Sono finalmente emersi, grazie anche alla facilità di lettura e comunicazione dei social, molti fenomeni che accadono intorno a quelle scrivanie, una complessità di situazioni fatte di sopraffazione, brutalità, aggressioni. Situazioni che, forse, venivano prima normalizzate e che si sono poi palesate nella loro realtà, e con il loro nome: violenze sul lavoro, gravi e dannose, per coloro che le subiscono. 

Puntare sempre e tutto sulle varie sfaccettature di mobbing, stalking, burnout, è oramai riduttivo. 

Lo spunto di riflessione di oggi abbraccia un fattore più ampio, direi quasi le fondamenta, le basi di molte forme di aggressività distruttiva sul lavoro: "l'arte, subdola, di mettere in difficoltà le persone e accanirsi contro di esse". 

In letteratura, sono descritte come CWB, comportamento controproduttivo, fatto di un corollario di azioni e parole che creano tanto danno alle persone quanto alle organizzazioni: ritorsioni, vendette, abusi emotivi, pressioni relazionali. 

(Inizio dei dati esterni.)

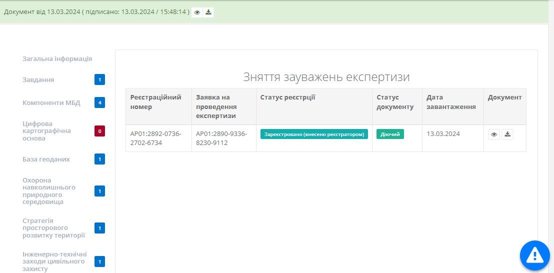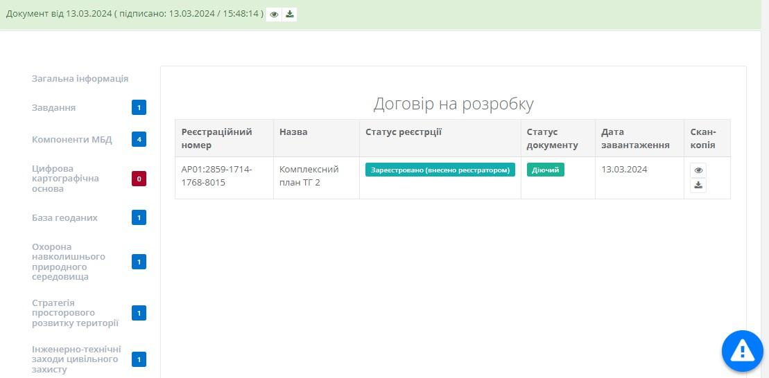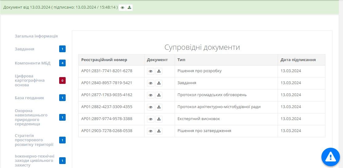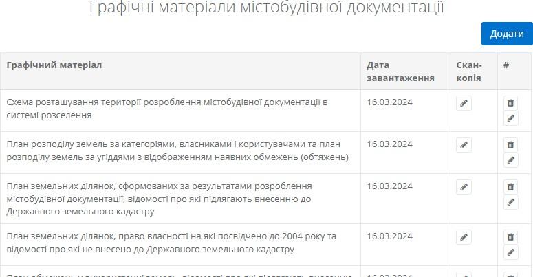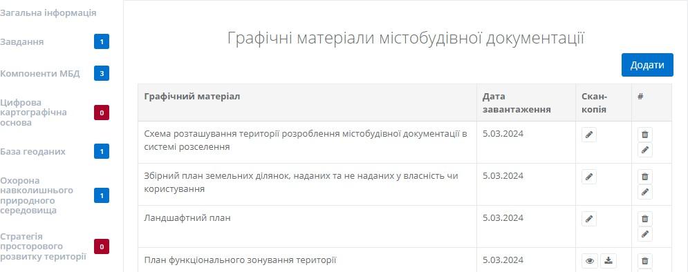За потреби користувач може редагувати внесені відомості, натиснувши кнопку , переглянути або завантажити матеріали плану реалізації містобудівної документації натиснувши на відповідні кнопки
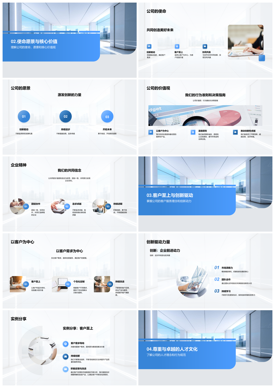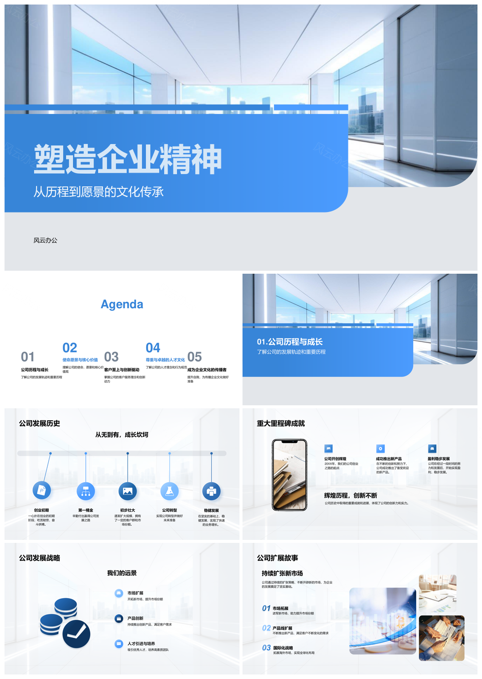 风云办公提供的企业精神历程战略实例行动践行PPT模板,下载格式为pptx,一共27页,作品中文字及图均可以修改和编辑,图片更改请在作品中右键图片并更换,文字修改请直接点击文字进行修改。

E no, non è normale inciviltà agita nel luogo di lavoro

E sì, le organizzazioni possono (con o senza consapevolezza) incentivare tali comportamenti abrasivi, oppressivi, o semplicemente non fare nulla per contrastarli. 

Lo schema è sovente il medesimo: vi è uno squilibrio fra le parti in causa, e qui emergono le "figure della perversione": gli aggressori, ciascuno con la propria modalità di ricerca della vittima e di volontà di sopraffazione, contraddistinte tutte da caratterizzazioni quali intemperanza, prepotenza, atteggiamento predatorio, desiderio di prevaricazione, machismo aggressivo. 

Quelli definiti come hate-crime (reati motivati da ostilità per motivi religiosi, razziali, di genere e disabilità) da parte dei c.d. bulli organizzativi stanno aumentando con l'ingresso nel mondo del lavoro, sempre maggiore, di soggetti di etnie, religioni, orientamenti sessuali, "diversi": viene purtroppo facile prendere a preda l'estraneo, l'altro da sè, il diverso. 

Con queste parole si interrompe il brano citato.